HistoryRetentionTime: 0

wosdata resource pool: memorysize: 2G, maxmemorysize: 2G

All help is appreciated.

Sharon_Cutter · November 2016

You have either data or delete vectors stuck in the WOS.

- Check the STORAGE_CONTAINERS table where storage_type like '%WOS' ordered by start_epoch to see if there's any data at an epoch right around your current AHM epoch.

- Check the DELETE_VECTORS table where storage_type like '%WOS' ordered by start_epoch to see if there are any DVs at an eopch right around your current AHM epoch.

That will help you identify the problematic table. Then look for locks on that table using the LOCKs table and checking TUPLE_MOVER_OPERATIONS where is_executing.

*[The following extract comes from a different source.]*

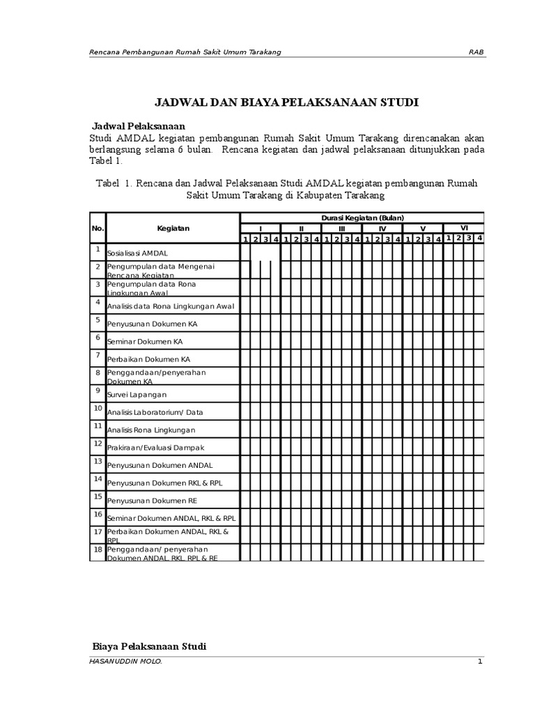 Tabel 1. Rencana dan Jadwal Pelaksanaan Studi AMDAL kegiatan pembangunan Rumah

It could be a long-running tuple mover operation that is preventing the data from getting moved out, or a "too many ROS containers" condition.

--Sharon

TimNooren · November 2016

Hi Sharon,

Thank you for your reply.

I followed your advise with the following results:

The LGE is 26549170

Current epoch is 27505478

select * from storage_containers where storage_type = 'WOS' order by start_epoch; shows me the earliest start_epoch in WOS is 27504665.

select * from DELETE_VECTORS where storage_type like '%WOS%' order by start_epoch; shows an earliest start_epoch of 27504667

Both results are close to the current epoch, which leads me to believe there isn't actually any data stuck in WOS?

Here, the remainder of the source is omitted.